На фронтоне последней художник Коля Дорожкин (имя, фамилия подлинные), «фашист», пятьдесят восемь – десять, намалевал огромными буквами хорошо читаемый с любой точки территории лагеря: «Только честным трудом обретёшь свободу». Ни для кого из зеков не остался скрытым истинный смысл лозунга. Но начальство почему-то упорно не желало переместить его хотя бы на вахту – всё же ближе к воле. Начальство считало более правильным водрузить сей афоризм на скорбной избушке, никогда, между прочим, не пустовавшей. Над лозунгом потешались все зеки. Это была самая весёлая шутка Коли Дорожкина, ведь никто не сомневался, что именно он «заделал козу» тупарям-начальникам. Но зеки не были правы. Идея прикрепления лозунга на мертвецкой, возможно с лёгкой подачи Коли, принадлежала старшему лейтенанту Свинарёву, исполнявшему обязанности начальника КВЧ. Это он мне внушал, что зек должен думать лишь о том, что предписывают ему правила режима, – и только! И ни о чём больше не помышлять. А где в этих правилах сказано, что зеку разрешается логически мыслить? Нет такого пункта. Уверен, что и в служебных инструкциях, по которым живут и действуют наши опекуны-начальники, тоже подобный пункт отсутствует. В их инструкциях сказано, что они должны охранять нас и перевоспитывать, а в правилах для нас, – что мы обязаны все их требования беспрекословно выполнять. За невыполнение же, за непослушание… Ну и так далее.

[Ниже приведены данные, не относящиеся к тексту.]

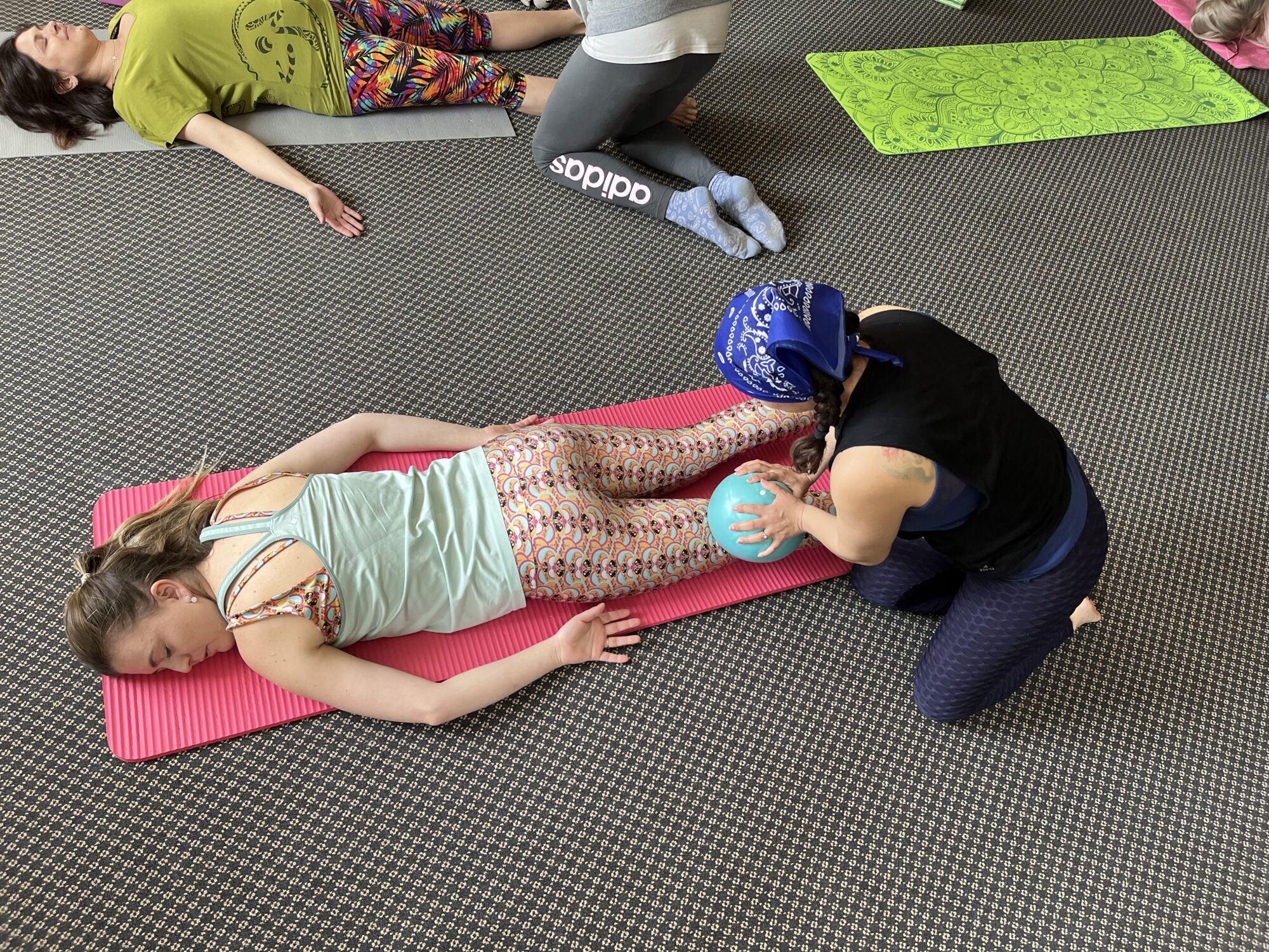 Položte se na podložku a nechte vedle sebe volně horní i dolní končetiny. Masírující si vezme míč a pomalu tlakem od nohou přes celé tělo postupuje směrem nahoru. Je potřeba se mezi sebou domluvit, jak velký tlak je komu příjemný, nesmíme ale zase jen tak hladit, aby došlo k uvědomění si hranic svého těla.
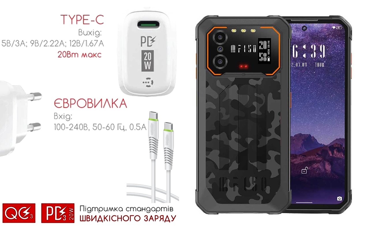 Мобильный телефон Oukitel IIIF150 B1 Pro с возможностью зарядки от USB Type-C порта |

Между прочим, логика пришлась против шерсти и блатным, с которыми я по наивности и молодости лет затевал дискуссии о законах мышления, о необходимости правильно, реалистически мыслить. Чтобы понимать всё окружающее нас правдиво.

Логика не нравилась и многим мужикам-работягам, моим собригадникам. И я нажил среди них несколько недоброжелателей только из-за этой прекрасной древней науки. Логика и наша жизнь были явлениями из разных миров, совершенно несовместимых. Антагонистами, противоположностями.

Многие, как это ни странным мне показалось, охотно признавали правильными явные логические ошибки, отталкиваясь от афоризмов типа: «Земля имеет форму чемодана». Или «Все бабы – бляди». Или: «Не украдёшь ты – у тебя украдут». Или: «Работа не волк – в лес не убежит» вместе с «День кантовки – месяц жизни». В понятии зеков работать – вообще не нужно. Труд – вреден человеку. Тому, кто «пашет». И то, что человечество, прекратив трудиться, обречёт себя на верную гибель, их не убеждало; прожить можно распрекрасно и не работая, если умеешь обмануть или украсть.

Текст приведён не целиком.